Почти в конце сплетения коридоров они вошли в круговой зал, где купол был пробит, в отверстии сияло небо. Видимо, сделанный колодец служил для пропуска воздуха. Они загасили факелы. Без пламени, при слабом естественном свете, едва доходившем до ниш, мертвецы еще хуже пугали. Казалось, при свете дня им самое время ожить. Бойди, взглянув на них, перекрестился.
Наконец стало видно, что оттуда, где они стоят, есть проход прямо за колонны, окружающие крипту, где они в тот давний день ловили Зосиму. Друзья приблизились на цыпочках, поскольку из крипты сочился свет. Крипта, как и тогда, была освещена двумя треножниками. Не хватало только круглого таза – подточильника, над коим Зосима изображал чернокнижество. Под иконостасом уже переминались и нервничали Борон с Гийотом.

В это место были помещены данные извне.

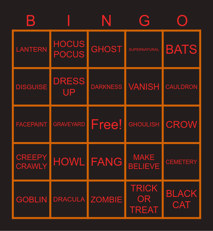 This bingo card has a free space and 49 words: SKELETON, BLACK CAT, OCTOBER, ZOMBIE, HOWL, WITCHES, HOCUS POCUS, CANDY CORN, DISGUISE, PHANTOM, DRESS UP, SUPERNATURAL, CEMETERY, MAKE BELIEVE, WARLOCK, VAMPIRE, DARKNESS, GHOULISH, FRIIGHTFUL, BATS, GRAVEYARD, TRICK OR TREAT, LANTERN, VANISH, TOMBSTONE, CAULDRON, GOBLIN, DREADFUL, FANG, CREEPY CRAWLY, JACK O LANTERN, SPELLS, SKULL, MAGIC WAND, DRACULA, WEREWOLF, SPIDER WEB, HAUNTED HOUSE, CROW, MASK, BOGEYMAN, COFFIN, CLOAK, EYEBALLS, FACEPAINT, GHOST, NIGHTMARE, SCREAM and TARANTULA.
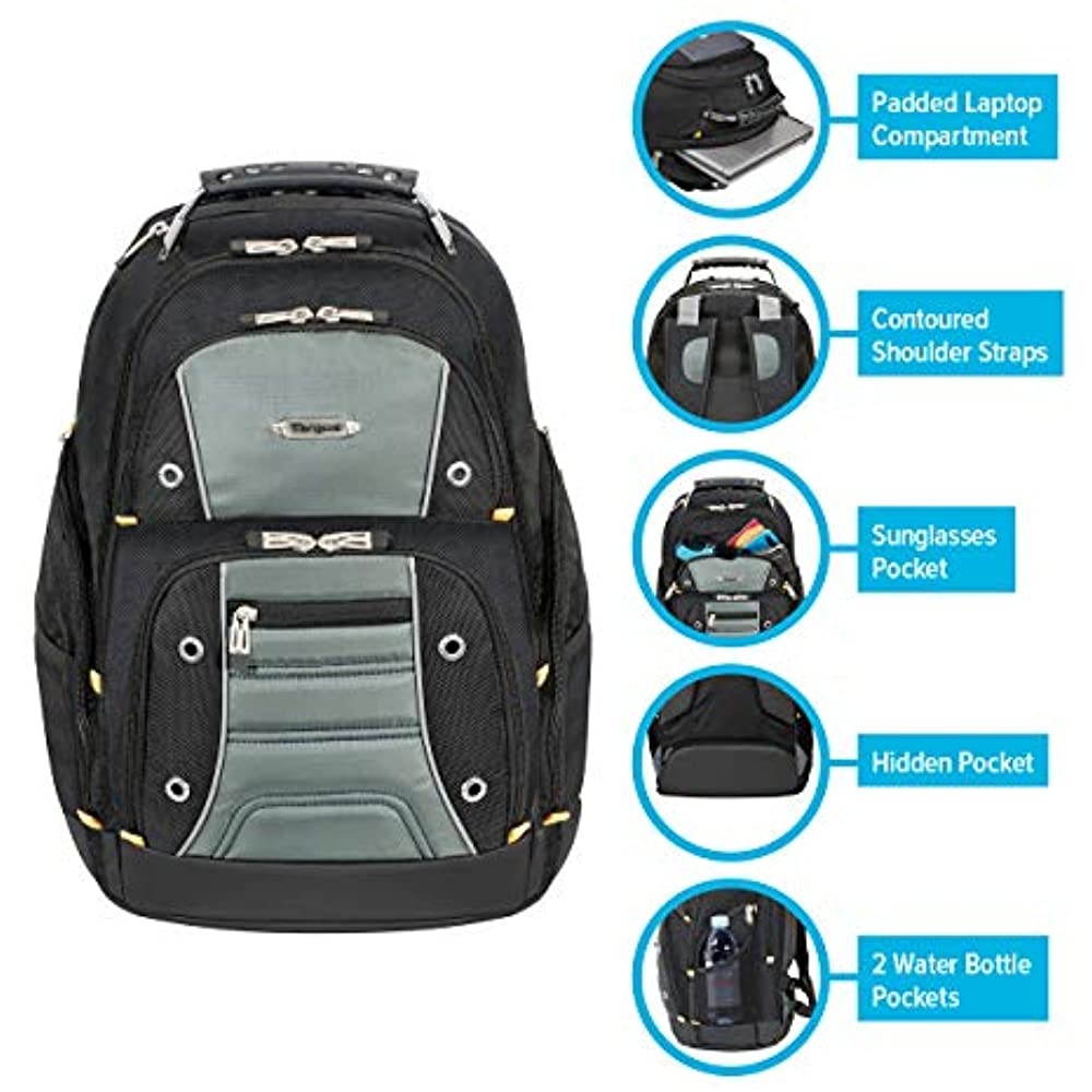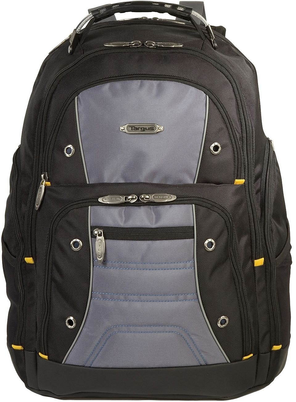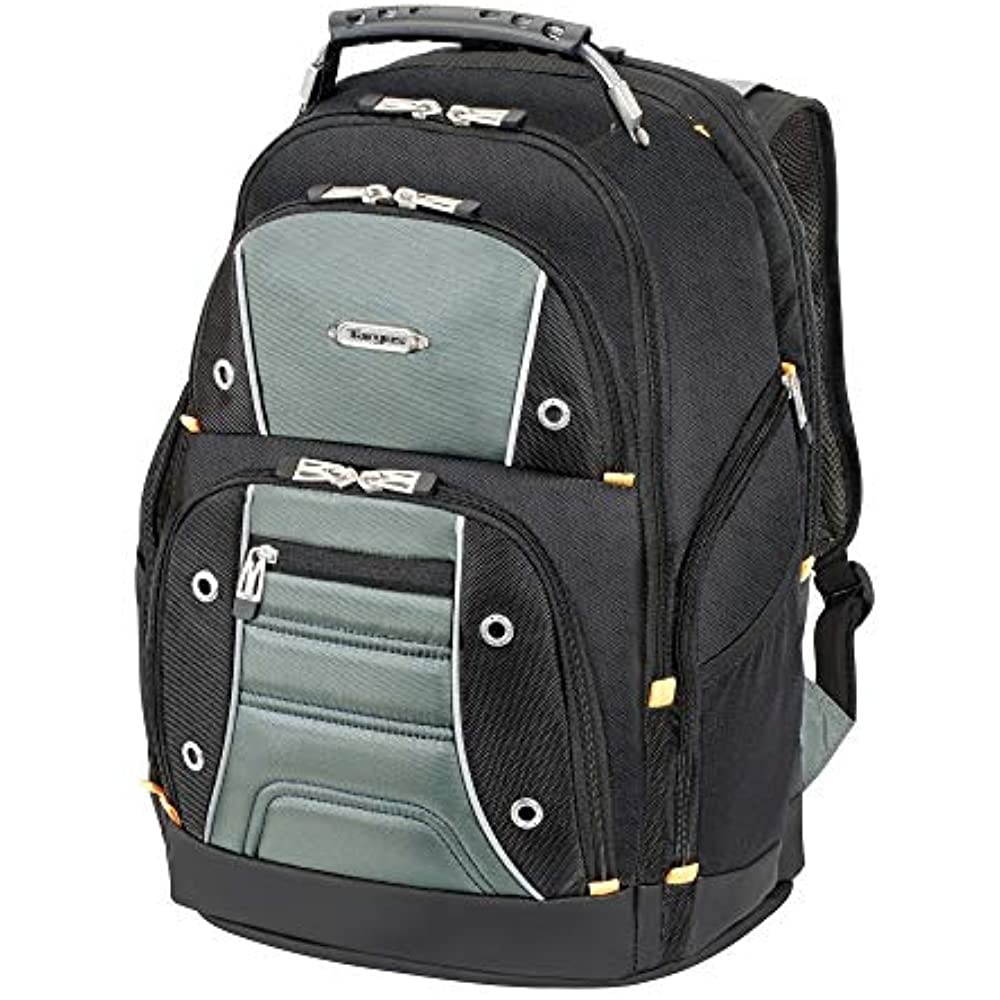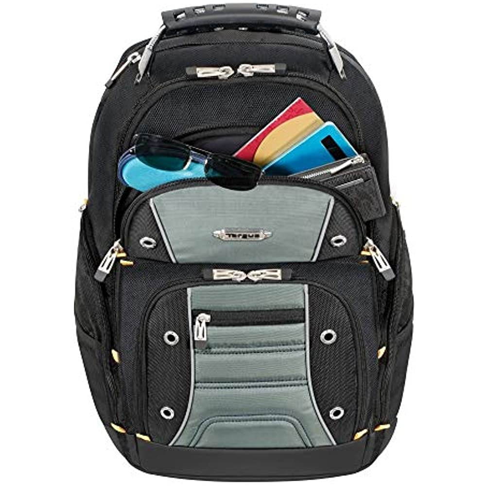 The Targus Drifter II Laptop Backpack is designed to fit laptops with up to 16” screens. This backpack features two large compartments for storage including a padded laptop compartment that keeps the device secure and separate from other items carried in the case. The extremely thick padding on the back panel includes a large hidden zippered compartment and is strategically placed to provide lumbar support for your back. The heavily padded shoulder straps provide comfort for travel and include an elastic loop specifically designed to hold sunglasses on the shoulder strap. The main front compartment includes pockets for business cards, a mesh accessory pocket and key clip. A convenient soft, lined pocket is scratch-resistant to store fragile accessories such as glasses, and more. To keep files in order, the interior divider provides a safe place to store documents. Focusing on durability, the Drifter backpack features a weather-resistant bottom, thick industrial zipper pulls and a sturdy molded plastic handle supported by metal grommets and cabling. The Drifter Backpack offers a rugged case full of storage options and protective compartments for important devices.

Баудолино велел Бойди пройти кругом и появиться из-за иконостаса, как будто прибыв тем же путем, что другие, а он сам, Баудолино, не станет показываться.
Бойди вошел, другие встретили его без удивления. – Значит, Поэт тебе тоже объяснил, как дойти сюда, – произнес Борон. – Думаю, Баудолино не позван, в противном случае к чему конспирация? Ты знаешь, зачем нас сюда вызывают?
– Он поминал Братину и Зосиму и странно угрожал, – отвечал Бойди.
– Нам тоже, – отозвались Гийот с Бороном.
Послышался глас, будто бы шедший из уст Вседержителя на верхнем тябле иконостаса. Баудолино разглядел в глазницах Христа черные миндалевидные прорези: кто-то через икону глядел, что происходит в крипте. И искаженный голос все-таки узнавался, принадлежал Поэту. – Добро пожаловать, – сказал голос. – Вам я не виден, однако все вы мне видны. Я нацелил на вас лук и стрелы и могу пронзить каждого, кто захочет убежать.
– Да с чего это, Поэт? Что мы сделали? – спросил в испуге Борон.
– Вы знаете, что вы сделали. Знаете лучше меня. Сейчас мы разберемся. Входи, ничтожный. – Тут послышался полусдавленный стон, затем выступила из-за иконостаса шаткая фигура.
Хоть миновало немало лет и хоть пришедший тащился съежась, волочась, хоть борода и патлы из черных сделались белыми, было очевидно, что перед ними Зосима.
– Да, Зосима! – пророкотал Поэт. – Вчера я натолкнулся на него неожиданно. Он попрошайничал в переулке. Он слеп, все члены его выворочены, но это Зосима. Расскажи же друзьям, что с тобой случилось, когда ты бежал из резиденции Ардзруни.
Зосима жалобно повел рассказ. Он выкрал голову, в которой была спрятана Братина, и ударился в бега, но так как не только не имел при себе, а даже и никогда не видел карту Космы, он не знал, куда идти. Он ехал куда попало. Издох мул. Пришлось идти пешком по самым негостеприимным в мире землям. Глаза, помраченные от солнца, не отличали запада от востока, севера от юга. Набрел на город, населенный христианами, и был привечен. Он им сказал, что являет собой последнего Волхва, все остальные уже опочили в мире с Богом и возлежат в одном соборе на дальнем Западе. Он добавил возвышенным голосом, что при нем есть реликварий, где хранится священная Братина для отдачи пресвитеру Иоанну. Принимающим хозяевам приводилось уже слышать и о первой и о втором, так что они пали ниц перед Зосимой, ввели его торжественным ходом во храм, и там он воссел на епископское кресло, вслед за чем зажил, изрекая пророчества, давая советы о ведении дел. Еды и питья у него стало вдоволь, а общего уважения и того больше.